As a team, the foursome finished well back on the scoreboard. But no one really cared.

“I think we all really enjoyed it,” Glass said. “It’s always a great opportunity to represent a great organization such as Shriners. It was probably a tough day as far as the golf goes, but you can’t be perfect, everyone knows that.”

“It was a little nerve-racking,” Grossnicklaus said. “You kind of get that feeling in your gut, playing on a PGA course with a PGA pro. “Once I got into it I think it felt pretty good.

“Danny was pretty laid back out there, which is great,” Grossnicklaus added.

“This is a great event,” Grossnicklaus’ father Kelly said. “Shiners picks what they call a dream team and invites them out. We are from Nebraska, so this is great fun for us.”

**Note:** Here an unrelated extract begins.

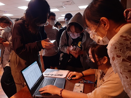 南臺科大彩繪花燈自主學習專題課程學生認養住戶的情形。(記者黃伃綵攝)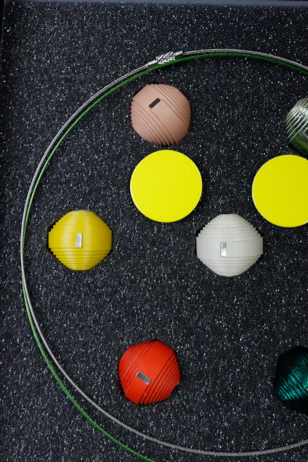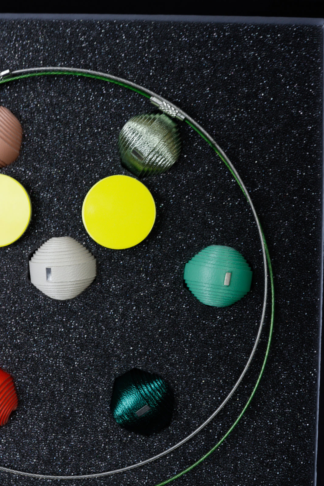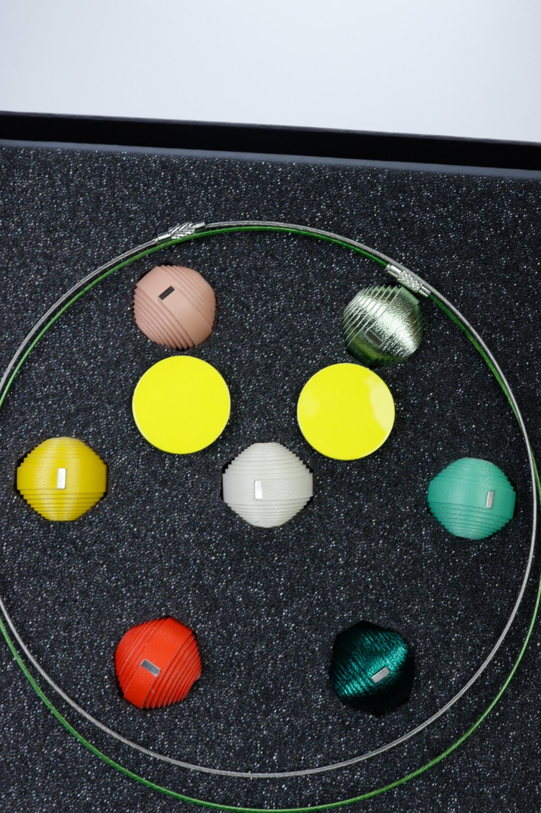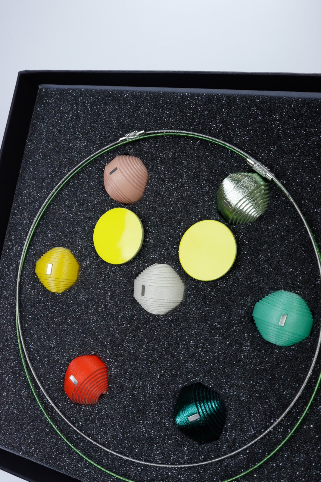 Experiența supremă a bijuteriilor personalizabile. Acest set premium prezintă un concept unic mix-and-match cu 7 mărgele din piele lucrate manual și două baze de colier (una din oțel inoxidabil auriu, una din sârmă siliconică). Deșurubează capătul pentru a crea combinații nelimitate. Setul este completat cu o pereche de cercei din piele asortați, totul fiind prezentat într-o cutie elegantă, fiind cadoul perfect pentru persoana creativă și stilată.

Perhaps too young to know, Castle held her own against the big-hitting guys. She said she wasn’t intimidated at all. “No sir,” she said when asked if she felt a bit nervous playing with a professional.

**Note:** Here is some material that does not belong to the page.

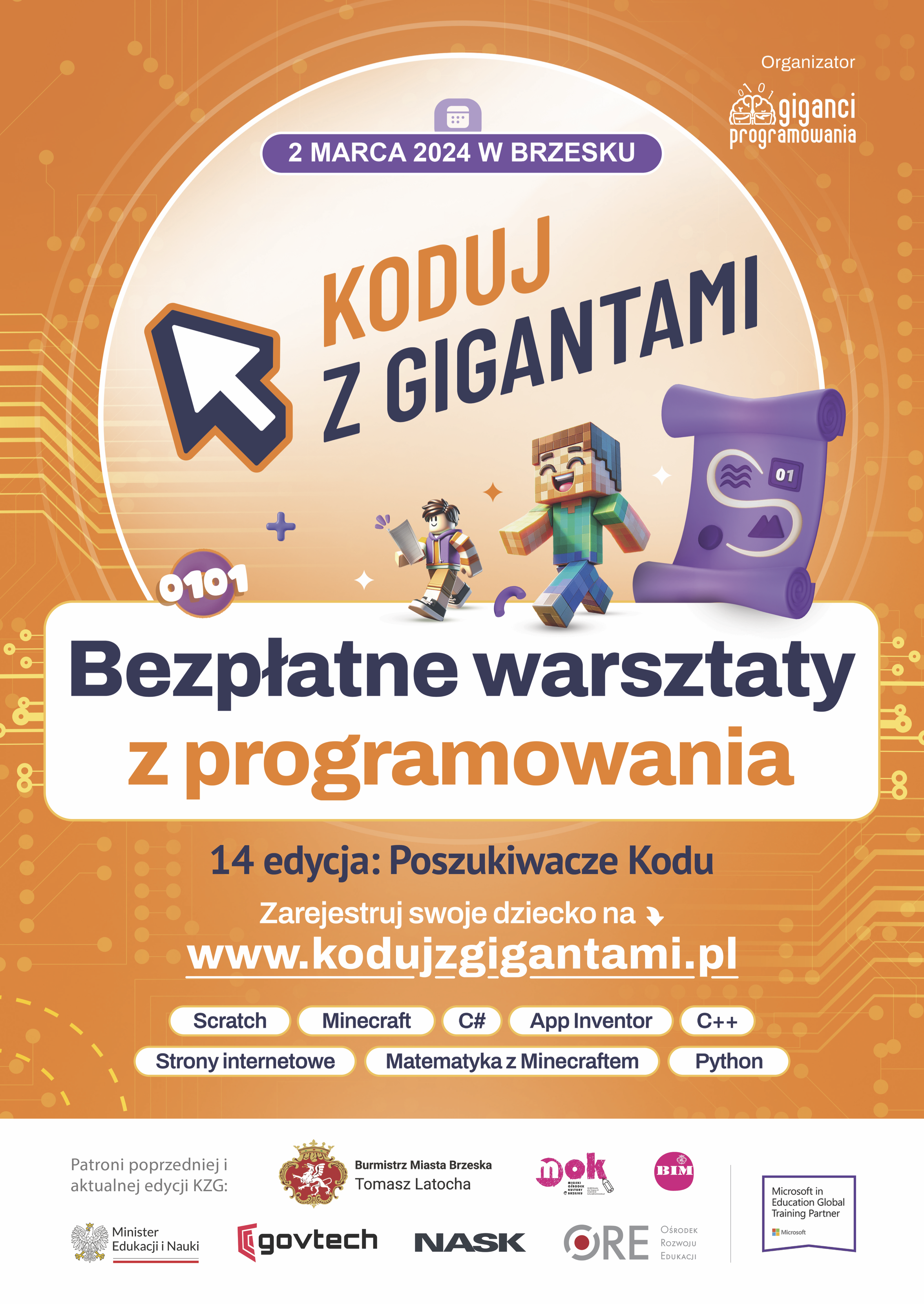 Giganci Programowania, czyli największa w Polsce szkoła programowania dla dzieci i młodzieży ogłasza zapisy na 14. edycję darmowych warsztatów z programowania - Koduj z Gigantami. Od 3 stycznia każdy może zapisać swoje dziecko do najnowszej odsłony wydarzenia, której tematem przewodnim jest hasło “Poszukiwacze Kodu”.

“It was really fun. I’ve never had that much fun playing with a pro,” Castle said. “Danny was really fun. He was always cheerful. He never had bad etiquette. It was just really fun.”

Summerhays, who comes from a golfing-rich family that includes his brother Boyd, a former PGA Tour player and a current PGA instructor, and uncle Bruce, a former Champions Tour star, was joined four holes into his round by his father Lynn, who flew in for the tournament.

The tournament begins Thursday. Summerhays tees off at 7:14 a.m. Tony Finau goes off at 8:20 a.m., while Zac Blair starts at 12:56 p.m.

Here are the biographies of the three players on the Dream Team, provided by the PGA Tour: 

Jalen Castle, 13

Ever since learning to play golf when she was 2, Jalen Castle has made the game her passion. Joining her high school varsity golf team as a seventh grader, Castle was a member of the 2014-15 South Carolina High School All-State Girls Golf team. When she was diagnosed with scoliosis in June 2014, her family immediately began searching for an alternative to a spinal fusion. They soon came across the anterior vertebral body tethering procedure performed at the Shriners Hospitals for Children in Philadelphia. Castle had the procedure done in April 2015 and was back swinging a golf club a mere six weeks later.

Anton Glass, 19

Born without the tibia bone in his left leg, Anton Glass had his leg amputated when he was five and was walking tall in his first prosthesis just a few days later. As he grew, Glass began visiting the Shriners Hospitals for Children in Tampa nearly every year to be fitted for a new prosthetic leg. Thanks to the Shriners staff, he has never held back from competing in high school golf tournaments or living a golfer’s life.

Luke Grossnicklaus, 20

Developing a strong passion for the sport at a young age, Luke Grossnicklaus was diagnosed with schleroderma, a disorder that causes the body to attack healthy tissue. The disease settled in Grossnicklaus’ right leg, which prompted his decision to have his leg amputated at Shriners Hospitals for Children in the Twin Cities before he had even reached the eighth grade. Since the amputation, Grossnicklaus has won three high school state medals for golf and now plays at the University of Nebraska Kearny, walking 36 holes or up to 10 miles per tournament.